Trevize se frotta les yeux. Malgré sa jeunesse, c’était lui qui paraissait le plus las des deux. Il dévisagea la femme : « Je ne peux pas vous croire. Vous imaginez vraiment que la Seconde Fondation agit pour notre bien ? Que ce sont des espèces d’idéalistes ? Ne vous paraît-il pas évident – avec votre connaissance de la politique, des buts concrets du pouvoir et de la manipulation – qu’ils n’agissent que pour eux-mêmes ?

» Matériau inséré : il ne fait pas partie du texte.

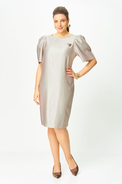 Элегантное женское платье, выполнено из плательной ткани с небольшим блеском. Платье полуприлегающего силуэта, горловина круглая. По спинке в центральном шве разрез возле горловины с завязкой и разрез по низу. Платье без подкладки.

« Nous sommes le fil de la lame. Nous sommes le moteur, la force. Nous travaillons avec notre sueur, notre sang et nos larmes. Eux, par contre, ils se contentent de diriger – ici on règle un ampli, là on ferme un contact –, et de le faire avec aisance et sans prendre aucun risque. Et puis, une fois que tout sera terminé et qu’au terme de mille ans de peine et de labeur, nous aurons enfin restauré un second Empire Galactique, les gens de la Seconde Fondation pourront se pointer pour jouer les élites dirigeantes. »

Branno répondit : « Alors, vous voulez éliminer la Seconde Fondation ? Vous voulez qu’arrivés à mi-parcours sur la voie du second Empire, nous prenions le risque de terminer la tâche seuls et de nous fournir nous-mêmes nos propres élites ? C’est bien cela ?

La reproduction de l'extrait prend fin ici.